We can make boxplots of module eigengenes by experimental group:
# Turn MEs into long dataset for plotting
tmp <- MEs
tmp$sample_names <- rownames(tmp)
longMEs <- pivot_longer(tmp, cols = -sample_names, names_to = "Module", values_to = "Expression") %>%
# Merge in metadata
left_join(metadata, by = "sample_names")
longMEs$group2 <- interaction(longMEs$`self-administration`, longMEs$challenge, sep = "/")

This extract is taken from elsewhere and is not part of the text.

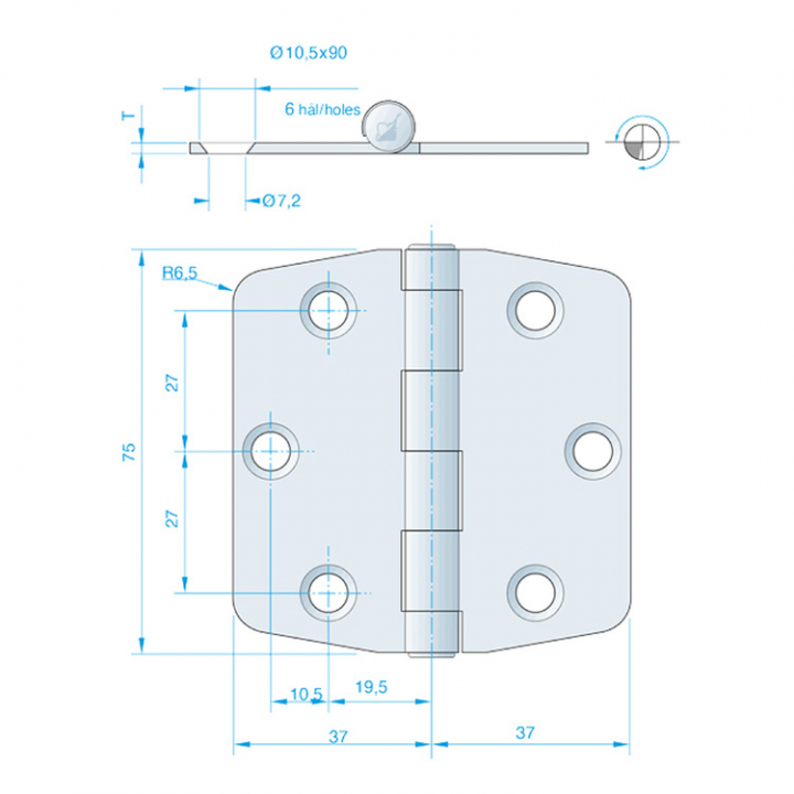 Gångjärn Rostfritt - 74x75 mm i gruppen Inredning / Gångjärn hos Marinsystem (1052808)

ggplot(longMEs, aes(x = group2, y = Expression, fill = Module)) +
geom_boxplot() +
facet_wrap(~Module, nrow = 4) +
scale_fill_manual(breaks = colnames(MEs), values = gsub("ME", "", colnames(MEs))) + labs(x = "Self-Administration/Challenge", y = "Eigengene Expression", title = "Module Eigengene Expression by Group") +
theme_bw() +
theme(legend.position = "none", axis.text.x = element_text(angle = 90, vjust = 0.5, hjust = 1))

Multiomics analysis
For multiomics analyses, WGCNA can be useful for reducing each dataset to a few features before combining them. If, for example, you had transcriptomics and metabolomics data, you might do the following:
-
Perform WGCNA on your transcriptomics data as shown in this document
-
Separately, perform WGCNA on your metabolomics data as shown in this document EXCEPT doing normalization and filtering appropriate for metabolomics data.
-
Use the module eigengenes (eigenmetabolites?) from the transcriptomics data and metabolomics data in an integrated analysis. For example, you could look at the correlation between the eigengenes from each dataset.